In keeping with using FizzBuzz as an introduction to a language, I present FizzBuzz with a Fortran95 twist:

For multiples of 3, print Fort, and for 5's multiples print Ran. For multiples of both, print FortRan.

Looking especially for style and common practice criticisms. A hint on how to left-justify the values in a standard way would be appreciated too.

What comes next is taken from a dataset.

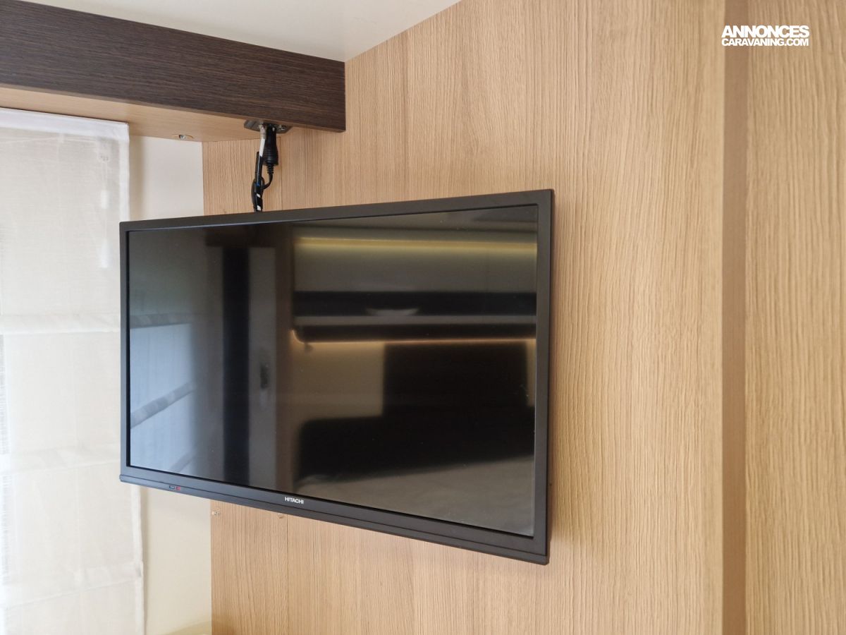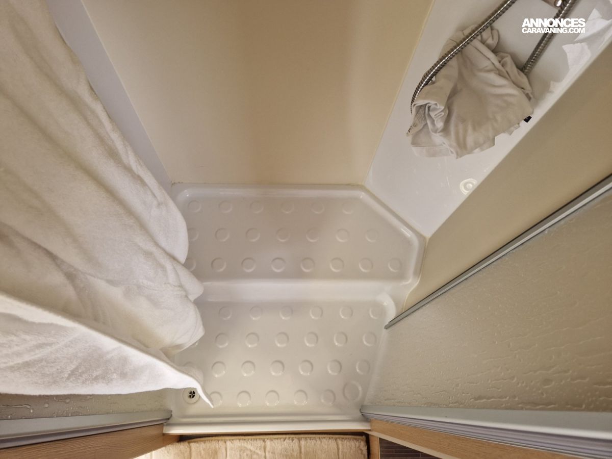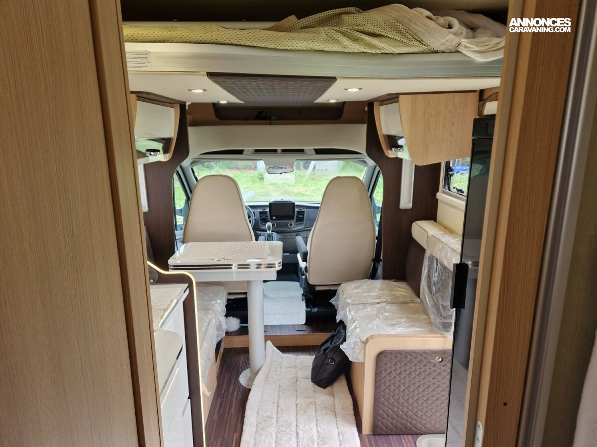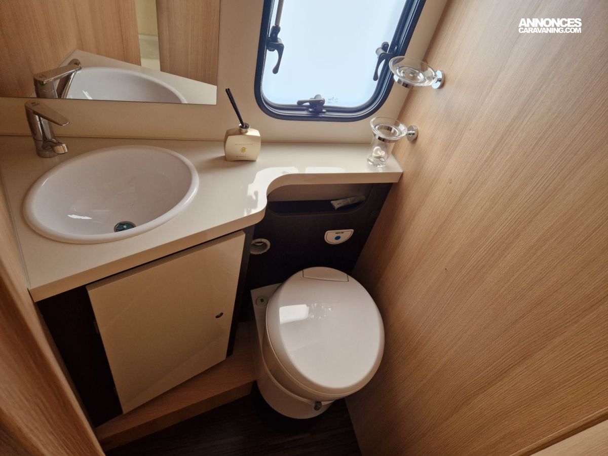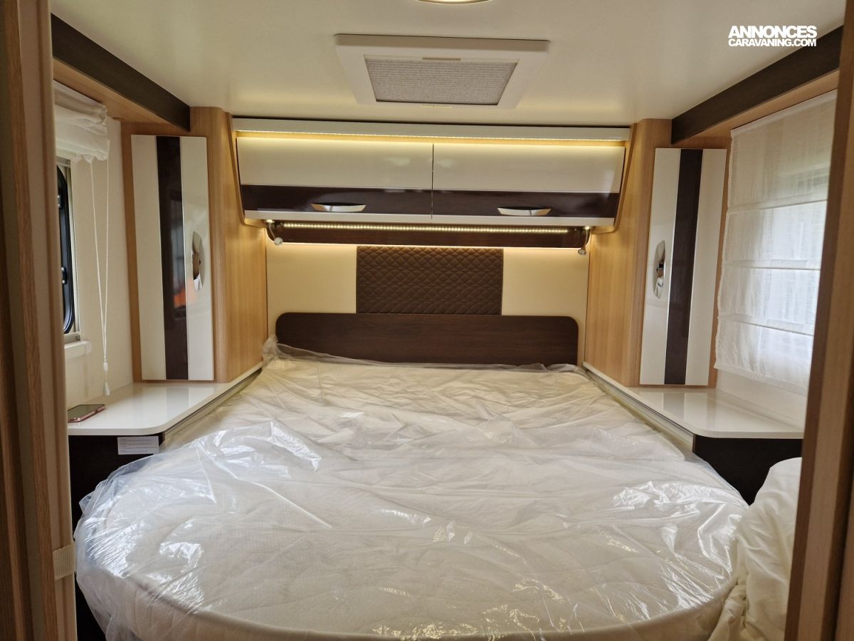 Double cloisonnement offrant une véritable pièce en plus au niveau des sanitaires avec douche et WC indépendant. Cela apporte également plus d'intimité entre la partie chambre et le séjour. Vous saurez apprécier son lit central de 160cm par 190cm, réglable en hauteur offrant une véritable soute garage.

The following code is presented in Ideone too:

program fizzbuzz
implicit none
integer ::i

! Loop through integers 1 through 100
! Multiples of 3 print Fort
! Multiples of 5 print Ran
! Multiples of both print FortRan
! 15 is the lowest common multiple of 3, and 5
!    and thus is a shortcut to FortRan

do i=1,100
    if (MODULO(i, 15) == 0) then
        write (*,'(A8)') 'FortRan'
    else if (MODULO(i, 3) == 0) then
        write (*,'(A8)') 'Fort'
    else if (MODULO(i, 5) == 0) then
        write (*,'(A8)') 'Ran'
    else
        write (*,'(I8)') i
    end if
end do

end program fizzbuzz

Solution

I find MODULO() to be jarring, when everything else is written in lowercase. Be consistent.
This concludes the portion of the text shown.